Italia

Pietre d’inciampo, un furto dettato dall’odio

Il caso Venti sanpietrini in ottone che l'artista tedesco Gunther Demnig aveva installato in via Madonna dei Monti 82 a Roma, in memoria delle famiglie deportate, sono stati rubati nella notte. Aperta un'inchiesta

Pubblicato quasi 6 anni faEdizione del 11 dicembre 2018

Quando l’artista tedesco Gunter Demnig cominciò a seminare le sue memorie in forma di Stolpersteine (pietre d’inciampo), sanpietrini che fungevano da targhe-ricordo delle famiglie deportate, incastonati in marciapiedi e strade davanti ai portoni di chi fu strappato alla vita dal nazifascismo, di certo non poteva immaginare che un giorno sarebbero divenuti il bersaglio per esercitare l’odio, finendo per essere sbalzati via dal tessuto urbano, lasciando un buco, un vuoto politico e, soprattutto, umano.

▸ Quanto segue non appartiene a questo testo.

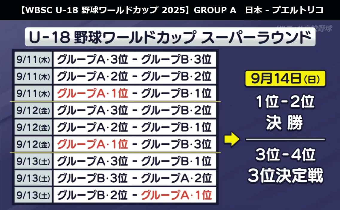 韓国はアメリカに敗れアメリカが2位で決勝は日本対アメリカで決定

Demnig di quei sanpietrini che fanno da argine all’oblio facile dei nostri tempi ne ha «piantati» in tutta Europa più di cinquantamila, i primi a Colonia nel 1992. Da allora, non ha mai smesso. Ritualmente, ogni anno, compie la sua celebrazione della resistenza, lucidando l’ottone della targa, segnando la data di nascita e di morte di abitanti del luogo (ebrei, rom, sinti, antifascisti, omosessuali) dall’esistenza interrotta violentemente. Rende omaggio a tutti coloro che uscirono dalla loro casa senza farvi ritorno. Ma ora venti di quelle pietre d’inciampo – in via Madonna dei Monti 82 a Roma, tributo alle famiglie Di Castro e Consiglio – sono state divelte e rubate nella scorsa notte. Portate via, a sfregio delle vittime della Shoah. Con loro è volata via anche la memoria di una bambinetta, Giuliana Colomba Di Castro, che fu trascinata lontana dai genitori, verso la morte, quando aveva solo 3 anni. Abitava al numero civico 8.

 

La denuncia è arrivata dall’Associazione Arte in Memoria che dal 2010 si occupa dell’installazione delle pietre a Roma. E mentre la procura ha aperto un fascicolo per odio razziale e si è tenuto un presidio, giunge durissima la condanna del gesto da parte di Adachiara Zevi, che dirige l’Associazione. «È un atto criminale, antisemita. La nostra democrazia è a rischio».